Lines to restate from the data below: from the one containing "City Area Collection." to the one containing "3月13日,旅客在浙江湖州站站台乘车。", both included. Give them again exactly, and only them.

EXERCISE MATERIAL Block Start

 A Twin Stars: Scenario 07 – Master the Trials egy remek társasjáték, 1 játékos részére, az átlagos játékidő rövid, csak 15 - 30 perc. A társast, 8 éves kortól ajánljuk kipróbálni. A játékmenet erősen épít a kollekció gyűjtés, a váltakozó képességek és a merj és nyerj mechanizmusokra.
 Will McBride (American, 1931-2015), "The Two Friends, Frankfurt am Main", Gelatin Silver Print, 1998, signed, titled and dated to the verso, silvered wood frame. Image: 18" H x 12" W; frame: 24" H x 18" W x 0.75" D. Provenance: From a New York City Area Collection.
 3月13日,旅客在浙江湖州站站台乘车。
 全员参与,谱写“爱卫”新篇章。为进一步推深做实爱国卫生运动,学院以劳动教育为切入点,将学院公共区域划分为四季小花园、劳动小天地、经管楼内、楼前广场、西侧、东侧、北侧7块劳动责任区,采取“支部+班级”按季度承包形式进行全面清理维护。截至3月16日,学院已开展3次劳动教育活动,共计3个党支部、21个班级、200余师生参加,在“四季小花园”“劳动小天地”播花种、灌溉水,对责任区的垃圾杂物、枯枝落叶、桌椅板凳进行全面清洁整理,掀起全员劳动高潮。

EXERCISE MATERIAL Block End
EXERCISE MATERIAL Block Start

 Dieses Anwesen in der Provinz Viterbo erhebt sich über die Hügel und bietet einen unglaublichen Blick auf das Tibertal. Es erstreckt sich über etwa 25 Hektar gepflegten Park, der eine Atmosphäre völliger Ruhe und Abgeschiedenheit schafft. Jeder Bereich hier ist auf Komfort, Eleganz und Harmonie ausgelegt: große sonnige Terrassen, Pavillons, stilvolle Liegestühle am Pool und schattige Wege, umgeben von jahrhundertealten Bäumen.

EXERCISE MATERIAL Block End

▶ [OUTPUT FOR THIS EXERCISE]:
 Will McBride (American, 1931-2015), "The Two Friends, Frankfurt am Main", Gelatin Silver Print, 1998, signed, titled and dated to the verso, silvered wood frame. Image: 18" H x 12" W; frame: 24" H x 18" W x 0.75" D. Provenance: From a New York City Area Collection.
 3月13日,旅客在浙江湖州站站台乘车。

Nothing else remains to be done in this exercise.